Нырнули вместе. Опалил меня изнутри этот скипидар, задохся я. Пламя внутри полыхнуло. Плыли долго во тьме, погруженные. Потом вынырнули. Кирясов — в блаженстве. Я — в дерьме. В стекляшке. С надоедным прилипалой и грустным лилипутом. Ведьманкин печально слушал счастливого Кирясова:
— Ну скажи сам по чести, мелкий мой: могу я признать эту вшивую десятку равной сталинской сотне? Конечно, не могу, поскольку и в этом Хрущ народ свой надул! Раньше денежки были большие и прекрасные, как вся наша жизнь! А Хрущ, ничтожный человечишко, всю жизнь нам ужал, как нынешние деньжата. Запомни, Ведьманкин: если при коммунизме будет все по справедливости, то мне будут давать старые деньги, а тебе, мелкому, и еще евреям будут давать нынешние… — Почему? — поинтересовался я. — Потому что человек я большой, мне много надо, а Ведьманкин скромным обойдется. А евреям — в наказание за жадность. Еврей никогда от души жаждущему стакан не поставит!… Кирясов стал подробно рассказывать нам про своего знакомого, вроде бы приличного человека, гинеколога Эфраимсона, может он", даже кандидат наук, который разевает пасть, как кашалот, если ему стакан поставишь, а чтобы он сам поставил стакан своему другу и советчику Кирясову — скорее даст себе еще раз обрезание сделать. Все‑таки есть неприятная черта у этой нации — жадность…

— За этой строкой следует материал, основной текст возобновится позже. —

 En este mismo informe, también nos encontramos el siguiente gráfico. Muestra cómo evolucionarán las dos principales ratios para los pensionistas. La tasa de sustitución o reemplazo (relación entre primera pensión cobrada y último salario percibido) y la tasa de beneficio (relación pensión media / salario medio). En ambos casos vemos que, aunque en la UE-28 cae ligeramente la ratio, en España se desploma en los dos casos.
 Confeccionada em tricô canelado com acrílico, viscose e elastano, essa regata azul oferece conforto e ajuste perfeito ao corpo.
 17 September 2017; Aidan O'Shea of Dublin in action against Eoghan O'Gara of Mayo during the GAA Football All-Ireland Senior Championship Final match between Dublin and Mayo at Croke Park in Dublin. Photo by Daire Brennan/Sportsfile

— Вы, Кирясов, грубый и неблагодарный человек, — с достоинством сказал Ведьманкин. — И зачем вам большие деньги — тоже непонятно, поскольку вы все равно всегда пьете чужое. И насчет еврея этого вы все выдумываете, поскольку никому и никогда стакан ставить вы не будете, даже гинекологу. Думаю, что и Эфраимсона никакого на свете нет, это один лишь плод вашего нахального воображения… Неудержимо весело, радостно расхохотался Кирясов, будто сообщил ему Ведьманкин невероятно смешной анекдот. Долго смеялся, так что и лилипут раздвинул в блеклой улыбке сизые полоски губ. И на приклеенном к стенке кафе линялом плакате смеялись мускулистые микроцефалы, расшибающие молотками цепи империализма на земном шаре. Оглянулся я: и остальные отдыхающие, выпивающие в кафе людишки над чем‑то смеялись, приклеенно улыбались, вяло, бессмысленно, будто неохотно. И бабки‑душегубки за стойкой скалились над своими страшными колетами. Люди, которые смеются. Гуинплены.
Племя счастливых гуинпленов. Над чем вы смеетесь? Чему радуетесь?

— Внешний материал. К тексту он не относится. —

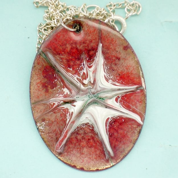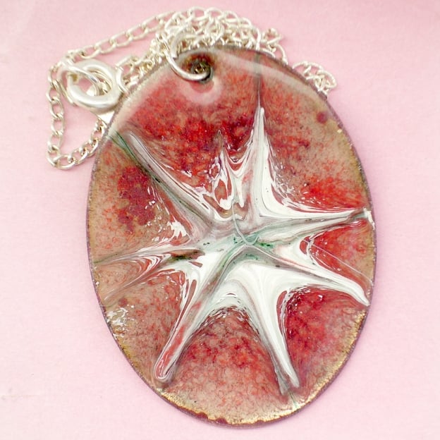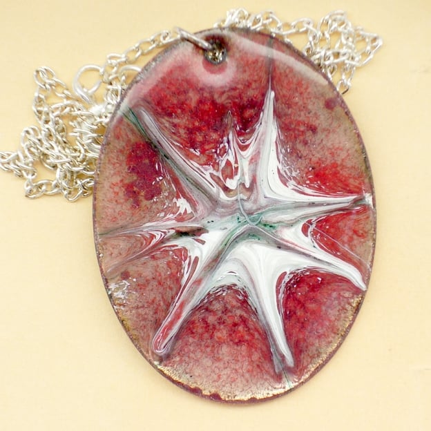 This pendant is 30mm by 40mm. The decoration is a scrolled enamel starburst in white over red itself laid over a clear enamel base giving a depth of tone and shimmer to the piece. There are hints of blue-grey in the white starburst.
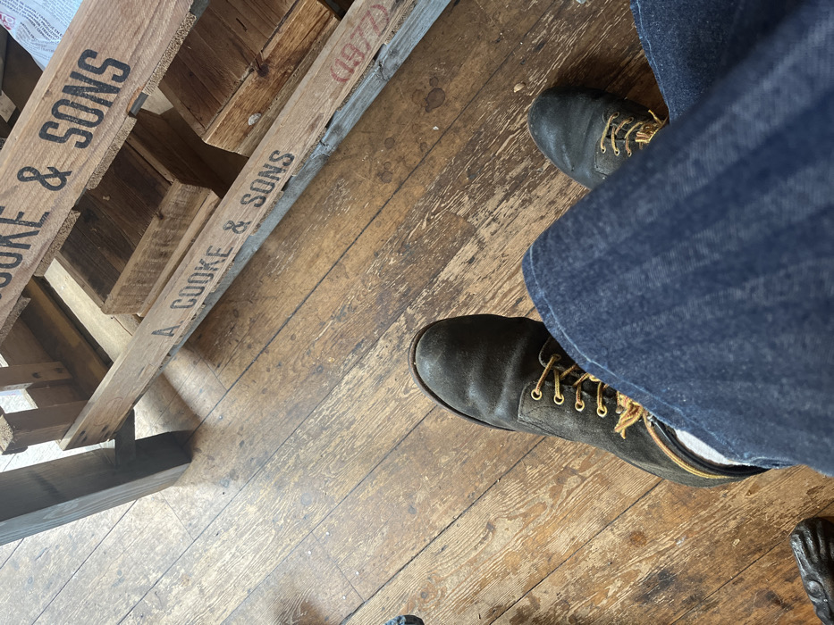 The image displays a first-person, downward-angled view of the observer's lower legs and feet, situated within a retail or market environment. The observer wears dark blue denim jeans and dark, possibly suede, lace-up boots with yellow laces; light-colored socks are visible above the left boot. The floor consists of worn, light-to-medium brown wooden planks exhibiting visible grain, scuff marks, and scattered dark stains. In the background, a rustic wooden display unit is visible, constructed from rough-hewn planks and posts. Several planks bear black stenciled text, reading "COOKE & SONS" and "A. COOKE & SONS." A faded red stenciled number, "(037)," is present on a lower plank to the right. Small, empty wooden crates are nestled within the display structure. This scene is identified as occurring at A. Cooke & Sons, a greengrocer and wholesaler located in Brighton, United Kingdom.

— Нырнем, ребятки! Оросим ливер свой, братишки! — веселился, бушевал Кирясов.
Безбилетный пассажир, вечный «заяц» алкоплавания был счастлив, что успел в трезвое воскресенье прокатиться в ракетах нескольких типов. И еще не вечер.
— Ой насмешил, мелкий мой, ну и сказанул! — смахивал он с глаз ненастоящие, глицериновые слезы. — Сейчас вонзим по стакашку, и помчится коньячок в нас легко и нежно, как Иисус Христос в лапоточках по душе пройдет… И станем сразу молодыми и сильными, как…
Не придумал — как кто станем мы молодыми и сильными, и яростным взмахом, будто шпагоглотатель, вогнал в себя струю дымною «коня», хрякнул так, что все его медали, значки, ордена на пиджаке зазвенели. И я нырнул в коньяк, как в болотный туман, и выскочил с тиной на зубах. А лилипут отпил половину маленькими глотками и сморщился мучительно. Мне было его жалко. Заснул первоклассник однажды и проспал тридцать лет, очнулся — а расти уже поздно.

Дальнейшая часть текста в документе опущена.